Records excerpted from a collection

══════════

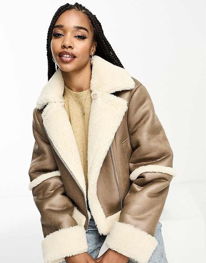 Une veste aviateur courte en imitation peau de mouton, alliant chaleur et style avec une touche rétro. Sa coupe moderne et sa texture douce créent un look tendance et confortable, idéal pour affronter la saison froide avec élégance.
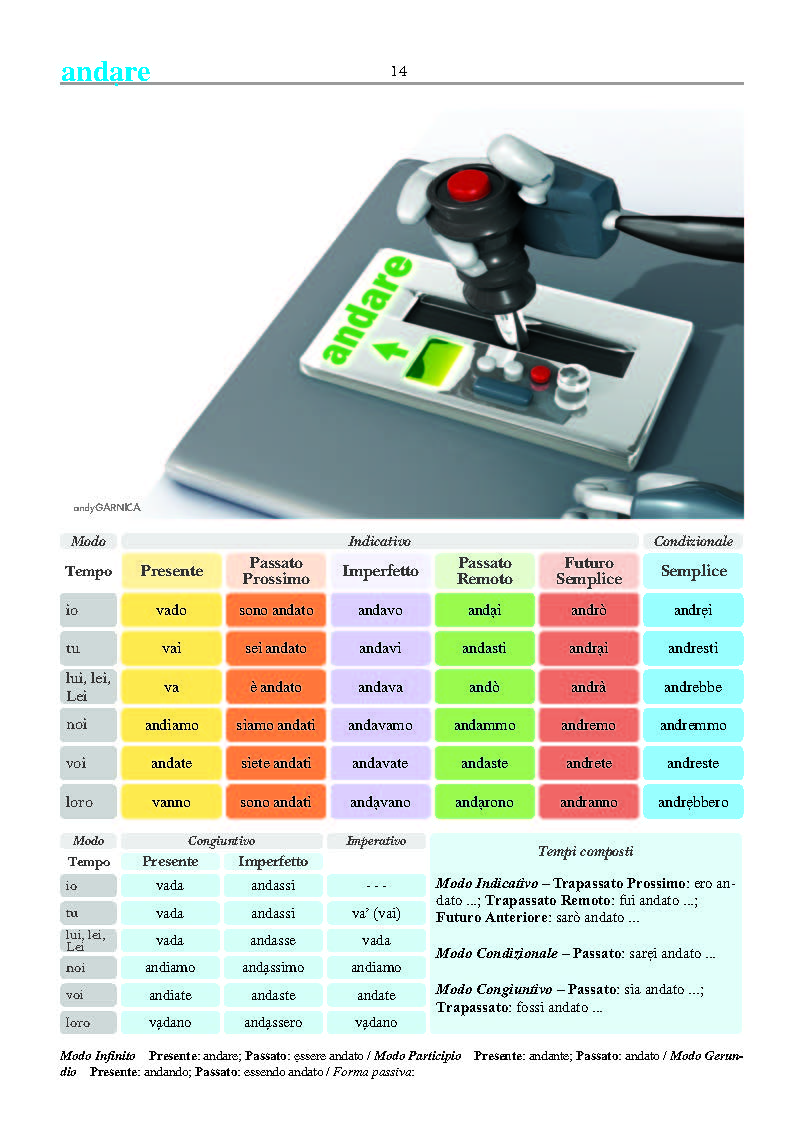 - спряжение глаголов, включая пассивную форму, где это возможно, в двух красочных и интуитивно понятных таблицах, содержащих 101 итальянский глагол;
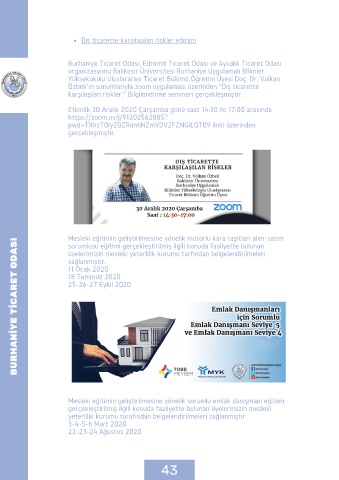 Özbek’ in sunumlarıyla zoom uygulaması üzerinden “Dış ticarette
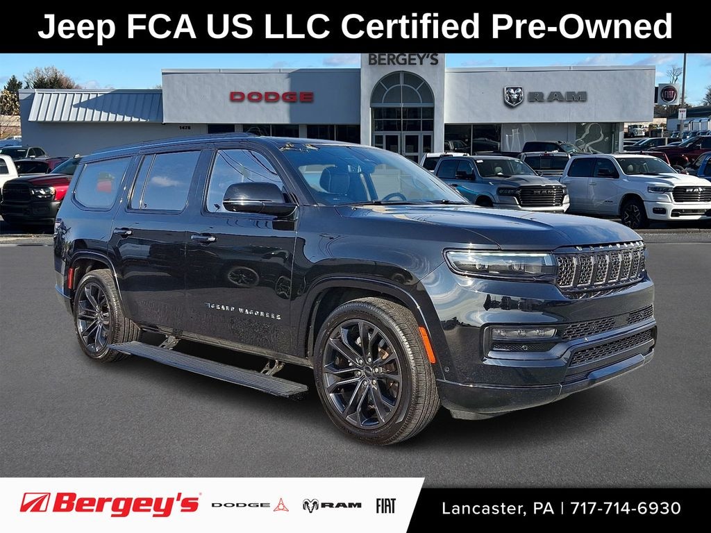Certified. Black 4D Sport Utility CARFAX One-Owner. 2022 Jeep 13/18 City/Highway MPG Grand Wagoneer Series II 4WD 8-Speed Automatic 6.4L V8 23 Speaker McIntosh Reference Audio System, 3rd row seats: bench, Adjustable Roof Rail Crossbars, Auto-leveling suspension, Black Interior Accents, Black Roof, Cargo Cover, Front Bucket Seats, Front Console Cooler, Front Passenger Interactive Display, Genuine wood console insert, Genuine wood dashboard insert, Genuine wood door panel insert, Gloss Black Upper & Lower DLO Molding, Heated front seats, Heated rear seats, Heated steering wheel, Leather steering wheel, Leather Trimmed Bucket Seats, Obsidian Appearance Package, Piano Black Exterior Accents, Power Liftgate, Power moonroof, Power passenger seat, Premium Tinted Glass, Quick Order Package 23T Obsidian, Reclining 3rd row seat, Split folding rear seat, Ventilated front seats, Ventilated Rear Seats, Wheels: 22" x 9.0" Tinted Polished w/Black Insert.
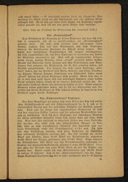 Das Verhältnis der Beamten zu Herrn Erzberger Hat man sich viel-fach so vorgestellt, als ob er gewissermaßen ein „Beamtenschreck"gewesen wäre. Ich habe mich hiervon nicht überzeugen lassenkönnen, sondern stehe auf dem Standpunkt, daß nicht Erzberger,sondern die betreffenden Beamten Sie Schuld daran tragen. Wirhaben hier verschiedene Veamtentypen als Zeugen kennengelernt.Es steht unzweifelhaft fest, daß Herr Erzberger -in taufenden von Fällenbei Behörden interveniert hat. Was will es demgegenüber besagen,wenn einige, wenige Beamte, einen „Druck" verspürt haben wollen-Gerade das Auftreten dieser Zeugen nnd ihre Beziehungen zum Ange-klagten sind geeignet, die PlaidoyerS, die sie hier gehalten Haben, mitVoisicht aufzunehmen, Die Zeugen, die nicht gegen Erzberger „plai-öiert" haben, wie der Freiherr vom" Stein, General von Oven, Oberbau-rat Hoogen, Banrat Henze», Geheimrat von Schönebeck , haben einen„Druck" seitens des Herrn Erzberger nicht gespürt. Wenn dem aber soist, so darf man wohl sagen, daß nur diejenigen Beamten einen solchenDruck verspürt haben, denen -eS an innerer Festigkeit gefehlt hat. Ge-rade dieser Umstand scheint Mir besonders wichtig zu sein. Wenn einzelneBeamten davon gesprochen haben, daß sie sich vor Scherereien und An-griffen des Herrn Erzberger in Acht nehmen wollte», fo liegt darin keinBorwurf gegen Herrn Erzberger.
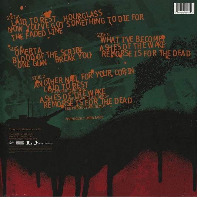 Фірмова вінілова платівка (VINYL)Ashes of the Wake is the fourth studio album and first major-label release by American heavy metal band Lamb of God, released in 2004 via Epic Records. The album debuted at number 27 on the Billboard 200, selling 35,000 copies in its first week and was rated by Guitar World as the 49th greatest Guitar Album of all Time. This album also was rated by Metal Hammer as the 5th greatest Metal Album of The 21st Century.
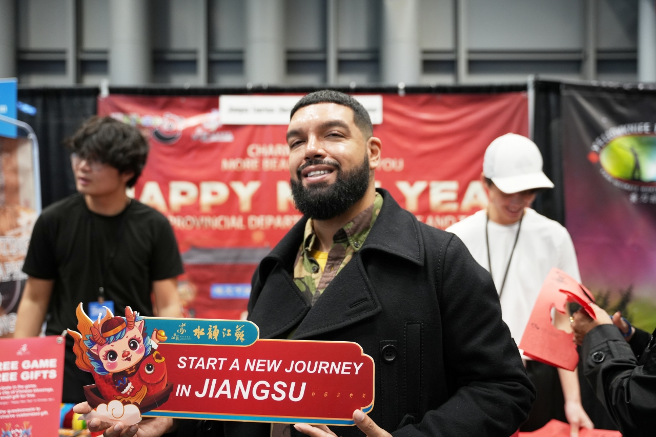 In a vibrant display of culture, the Jiangsu Pavilion at the New York Travel & Adventure Show, adorned in the auspicious hues of Chinese red, creates a festive and warm New Year atmosphere, bringing the traditions of the Jiangsu Spring Festival to New York. The booth showcased exquisite Nanjing gold leaf and Xuzhou paper-cutting, capturing the attention of numerous visitors. These art forms not only carry the rich history of Jiangsu but also embody the distinctive cultural characteristics of the region.
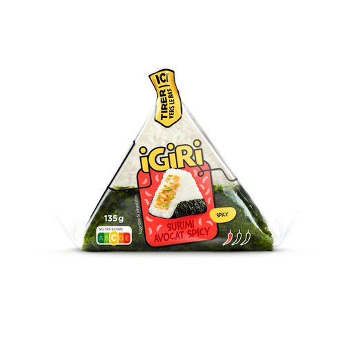Riz cuit 69% (eau, riz), sauce au vinaigre de riz (vinaigre de riz 8%, sucre, sel), mayonnaise [huile de colza, eau, jaune d' œuf , moutarde (eau, graines de moutarde , vinaigre d'alcool, sel), vinaigre d'alcool, sel], surimi de chair de poisson 5.9% [eau, chair de poissons 2,2%, amidons (contient blé ), huile de colza, sucre, sel, arôme naturel (contient crustacés ), colorant : extrait de paprika], avocat 4.1% (avocat, sel, antioxydant : acide ascorbique, acidifiant : acide citrique), huile de colza, algue nori 0,6%, épices, poudre de tomate, sel, piment. (% exprimés sur le produit fini)
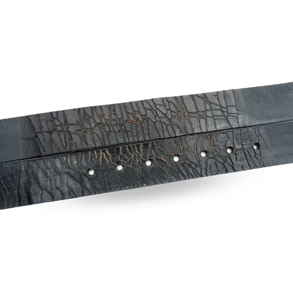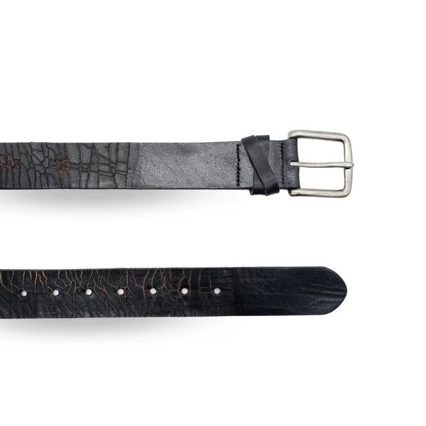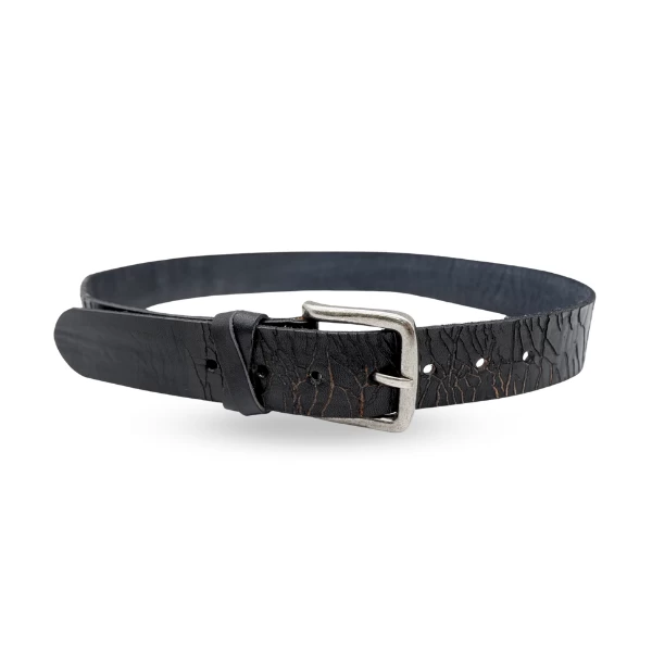 Funky distressed genuine leather belt with double keep feature. Antique silver buckle. Strap is 36mm wide.
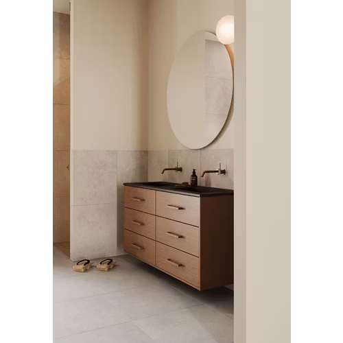 Stenvide Hay är en ljus beigefärgad klinker i granitkeramik med inspiration från gotländsk kalksten. Med sitt nedtonade, varsamma mönster rör sig Stenvide stilla genom badrummet och låter andra material ta plats. Serien finns i fyra kulörer och fem storlekar, med mönstervariationer som tillsammans skapar ett naturligt och levande uttryck. Klinkern är glaserad, halvmatt och lätt strukturerad, vilket ger både ett harmoniskt uttryck och en skön känsla under fötterna. Plattorna har exakt kapade kanter och kan läggas med en fog på ned till 2 mm för ett enhetligt intryck. Granitkeramik är tåligt, lättskött och hållbart och fungerar utmärkt med golvvärme. Det ger dig stor frihet att skapa rätt stämning i badrummet.
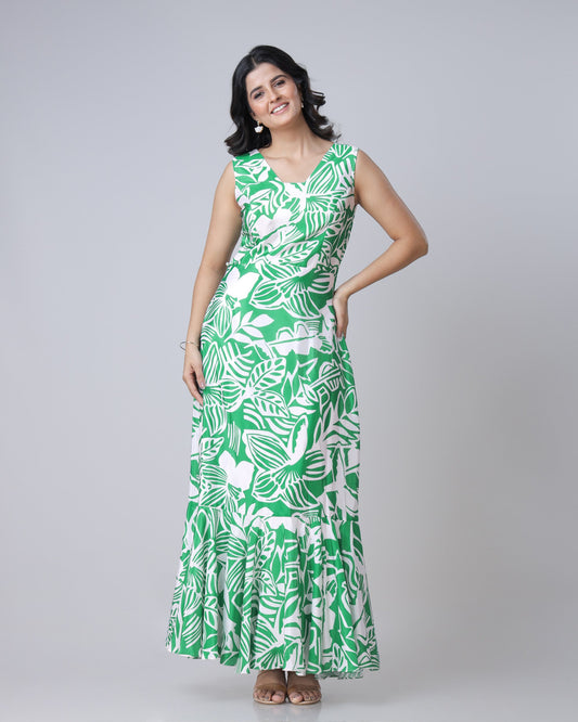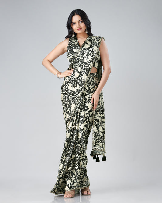 Green And White Abstract Floral Pre-Draped Gown Saree Green And White Abstract Floral Pre-Draped Gown Saree
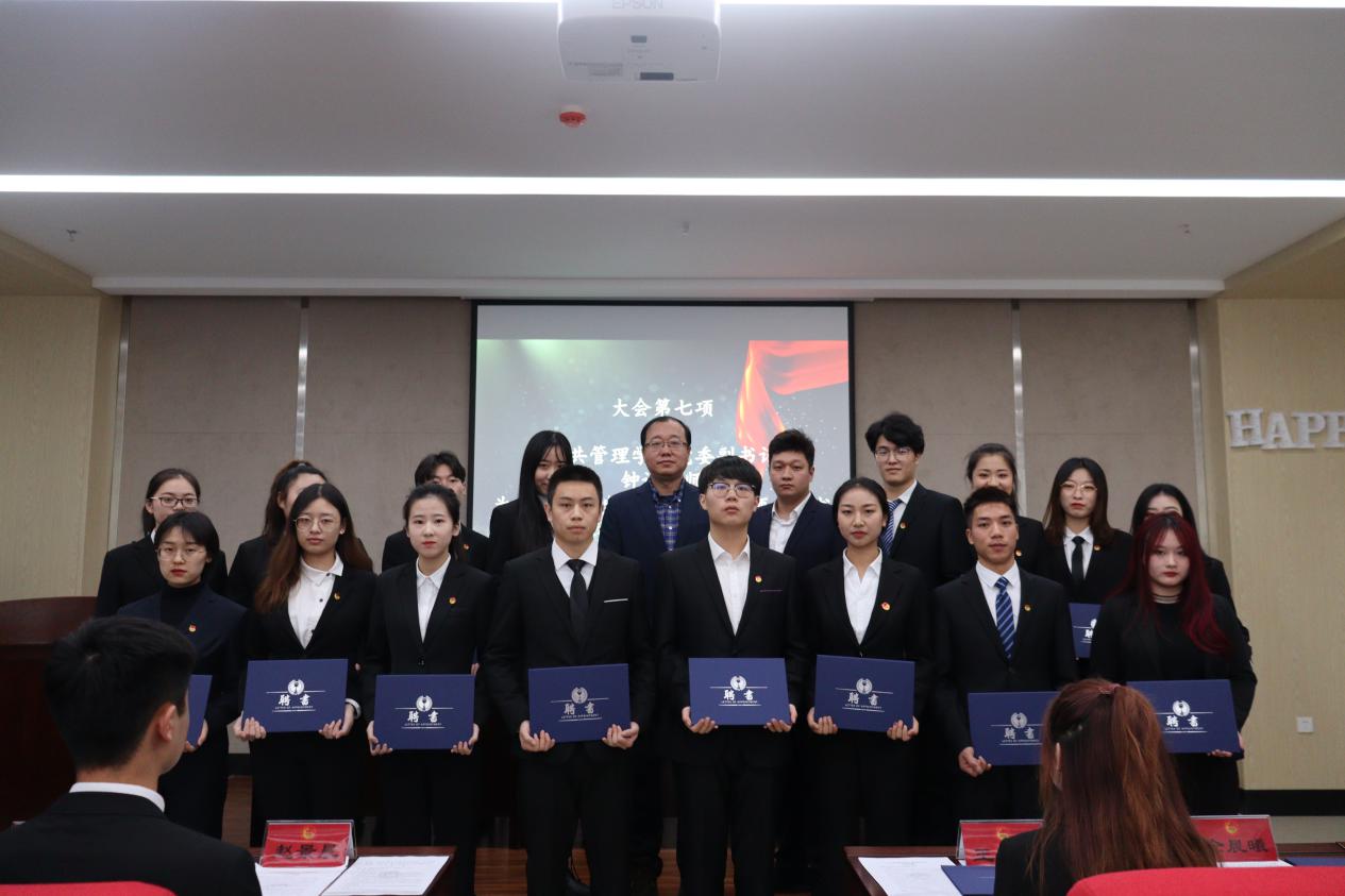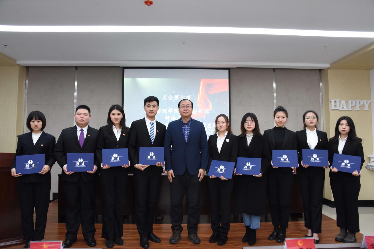 公共管理学院党委副书记钟诚老师为当选的团委、学生会、研究生会干部颁发聘书
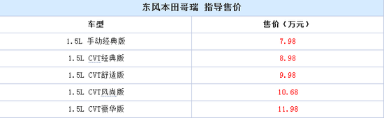 10月16日,东风本田正式公布了旗下全新入门级车型——哥瑞的正式售价,新车共有1种排量5款车型,售价区间为7.98-11.98万,详情见下表:
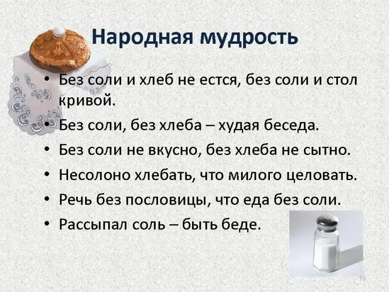 Учитель рассказывает о необходимости применения поваренной соли. Об этом говорится и в художественных произведениях, например «Как казаки соль покупали» (Слайд 18). Соль играет важную роль в жизнедеятельности организма. В теле человека, весящего 70 кг, содержится более 150 г соли, запас которой расходуется и нуждается в ежедневном пополнении - около 20 грамм. В год человек съедает 6-8 кг соли, так что «пуд соли съесть» вдвоём можно как раз за один год и хорошо друг друга узнать. Есть и другие поговорки и пословицы, связанные с важной ролью соли. (Слайд 19)
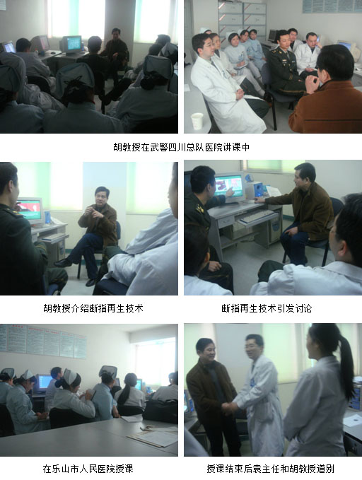 胡教授首先应武警四川总队医院烧伤整形科袁文周主任的邀请,来到烧伤整形科对该科室人员进行再生医疗技术讲座,科室全体人员共计12人参加。胡教授和袁文周主任做了近40分钟的交流,随后开始两个多小时的再生医疗技术的专题讲座。讲座中胡教授从基础的再生医学理论讲到再生医疗技术临床应用,用大量的、翔实的临床病例介绍了不同病种临床规范治疗方法和最新的再生医疗技术临床应用进展。其中微粒皮的种植方法和断指再生的病例介绍引起了大家强烈的关注和热烈的讨论。
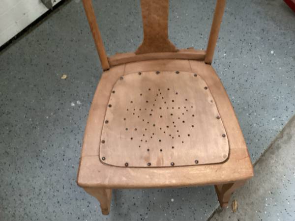 Kid size Wooden Rocker - Solid wood with an original wood seat that is tacked onto the frame. Sturdy, clean, smoke free home. Approximate dimensions: Height: 33” Width: 17” Seat Height: 15” Located...

══════════

Leave out any pictures and return exactly the lines from the beginning of the data through the line with "Certified. Black 4D", inclusive.

▶ Task output:
 Une veste aviateur courte en imitation peau de mouton, alliant chaleur et style avec une touche rétro. Sa coupe moderne et sa texture douce créent un look tendance et confortable, idéal pour affronter la saison froide avec élégance.
 - спряжение глаголов, включая пассивную форму, где это возможно, в двух красочных и интуитивно понятных таблицах, содержащих 101 итальянский глагол;
 Özbek’ in sunumlarıyla zoom uygulaması üzerinden “Dış ticarette
Certified. Black 4D Sport Utility CARFAX One-Owner. 2022 Jeep 13/18 City/Highway MPG Grand Wagoneer Series II 4WD 8-Speed Automatic 6.4L V8 23 Speaker McIntosh Reference Audio System, 3rd row seats: bench, Adjustable Roof Rail Crossbars, Auto-leveling suspension, Black Interior Accents, Black Roof, Cargo Cover, Front Bucket Seats, Front Console Cooler, Front Passenger Interactive Display, Genuine wood console insert, Genuine wood dashboard insert, Genuine wood door panel insert, Gloss Black Upper & Lower DLO Molding, Heated front seats, Heated rear seats, Heated steering wheel, Leather steering wheel, Leather Trimmed Bucket Seats, Obsidian Appearance Package, Piano Black Exterior Accents, Power Liftgate, Power moonroof, Power passenger seat, Premium Tinted Glass, Quick Order Package 23T Obsidian, Reclining 3rd row seat, Split folding rear seat, Ventilated front seats, Ventilated Rear Seats, Wheels: 22" x 9.0" Tinted Polished w/Black Insert.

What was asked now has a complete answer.